Information shown START
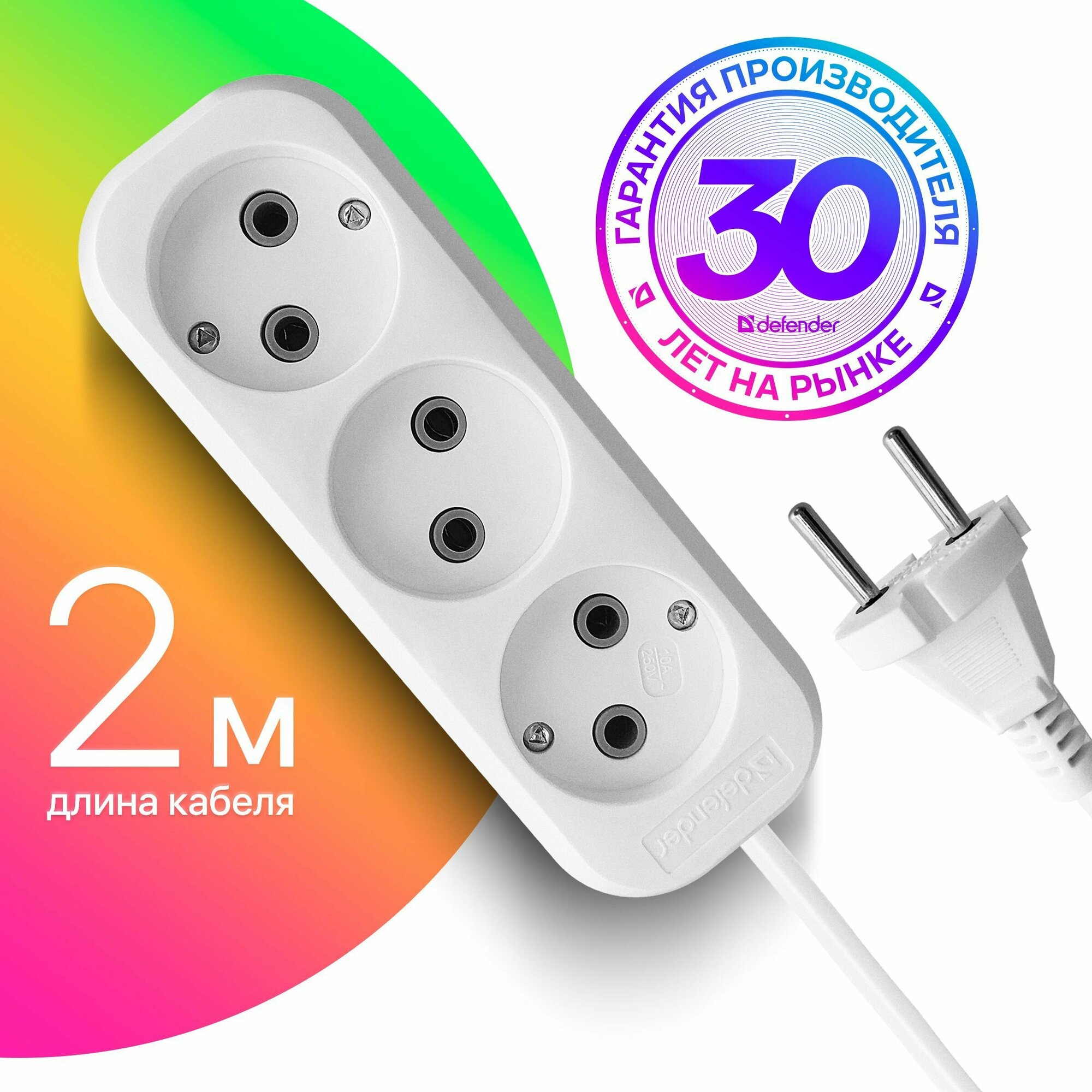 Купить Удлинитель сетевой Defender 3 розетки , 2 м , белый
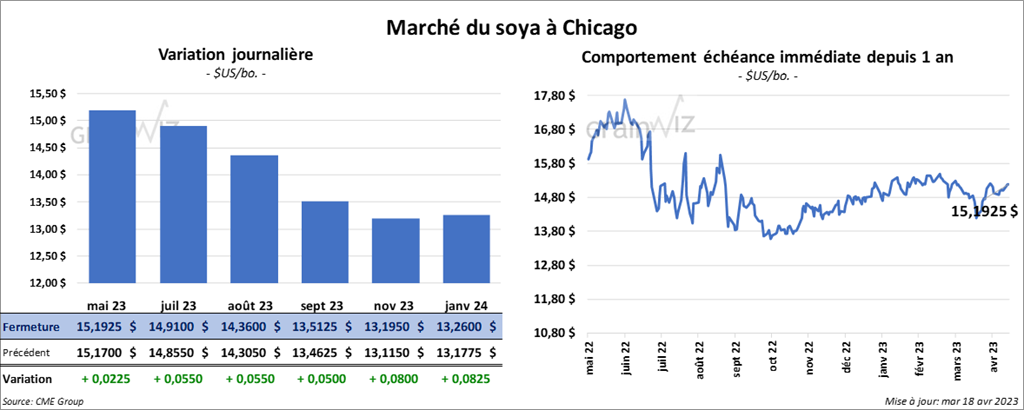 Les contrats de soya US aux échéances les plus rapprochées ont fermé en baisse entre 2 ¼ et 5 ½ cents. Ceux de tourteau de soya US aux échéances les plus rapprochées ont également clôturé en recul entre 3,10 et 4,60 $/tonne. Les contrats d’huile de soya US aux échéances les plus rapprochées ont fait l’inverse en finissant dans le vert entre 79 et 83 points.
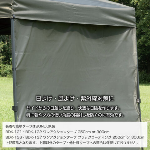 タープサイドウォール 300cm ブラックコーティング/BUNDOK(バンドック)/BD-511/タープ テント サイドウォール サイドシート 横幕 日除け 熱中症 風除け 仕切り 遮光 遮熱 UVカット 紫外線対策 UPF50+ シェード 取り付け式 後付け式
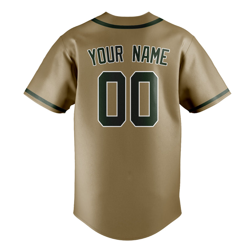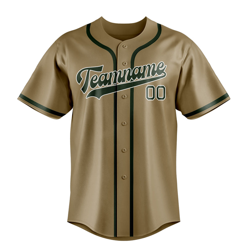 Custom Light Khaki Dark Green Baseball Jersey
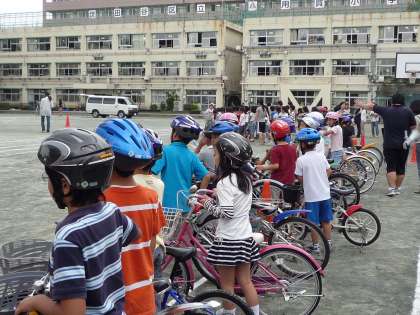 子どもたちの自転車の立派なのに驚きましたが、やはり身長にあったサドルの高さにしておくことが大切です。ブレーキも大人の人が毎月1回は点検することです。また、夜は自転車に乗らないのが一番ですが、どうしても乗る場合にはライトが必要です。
Information shown END
Work instruction -> Give back the full listing exactly as written, only without its pictures.

Exercise output ->
 Купить Удлинитель сетевой Defender 3 розетки , 2 м , белый
 Les contrats de soya US aux échéances les plus rapprochées ont fermé en baisse entre 2 ¼ et 5 ½ cents. Ceux de tourteau de soya US aux échéances les plus rapprochées ont également clôturé en recul entre 3,10 et 4,60 $/tonne. Les contrats d’huile de soya US aux échéances les plus rapprochées ont fait l’inverse en finissant dans le vert entre 79 et 83 points.
 タープサイドウォール 300cm ブラックコーティング/BUNDOK(バンドック)/BD-511/タープ テント サイドウォール サイドシート 横幕 日除け 熱中症 風除け 仕切り 遮光 遮熱 UVカット 紫外線対策 UPF50+ シェード 取り付け式 後付け式
 Custom Light Khaki Dark Green Baseball Jersey
 子どもたちの自転車の立派なのに驚きましたが、やはり身長にあったサドルの高さにしておくことが大切です。ブレーキも大人の人が毎月1回は点検することです。また、夜は自転車に乗らないのが一番ですが、どうしても乗る場合にはライトが必要です。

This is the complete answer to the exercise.